JP Morgan upgrades Weir Group to Outperform
Updated : 08:45
JP Morgan revised its target price on shares of oil equipment manufacturer Weir Group, judging that it had been too cautious regarding the firm's near-term pricing power.
The analysts said the improvement over recent months in the equipment manufacturer's two main end markets, Oil&Gas and Mining equipment, had been more dynamic than it expected.
Furthermore, its peers who had already reported their first quarter figures had surprised to the upside.
Given the 10% upside potential to the broker's target and risk of positive surprises should the pricing climate improve, JP Morgan decided to upgrade its recommendation from 'Neutral' to 'Overweight'.
Its target price was also revised higher from 1,800p to 2,175p.
The investment bank lifted its estimate for operating profits at Weir's Oil&Gas arm by 49% for 2017 and by 26% for 2018, on the back of the company's "aggressive" cost-cutting and expectations for higher top line growth.
A bigger than expected increase in the US rig count and stronger capex spend by US-based exploration and production firms meant sales at Weir were now seen growing 14% more than before in 2017 and 17% more in 2018.

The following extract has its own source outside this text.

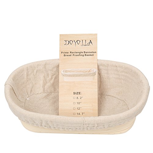 DOYOLLA 1pcs Oval Shaped 10" Banneton Brotform Bread Dough Proofing Rising Rattan Basket & Liner Combo

Weir's Minerals unit was also expected to see better sales growth, with JP Morgan raising its estimate for sales by 5% thanks to high aftermarket growth and a "modest" improvement in capex related demand linked to brownfield developments.
The company's price-to earnings and EV/EBITDA multiples left its shares trading at "a modest premium to our industrial universe, despite the prospect of earnings rising around 4x faster than for the sector overall between ‘16 and ‘18E."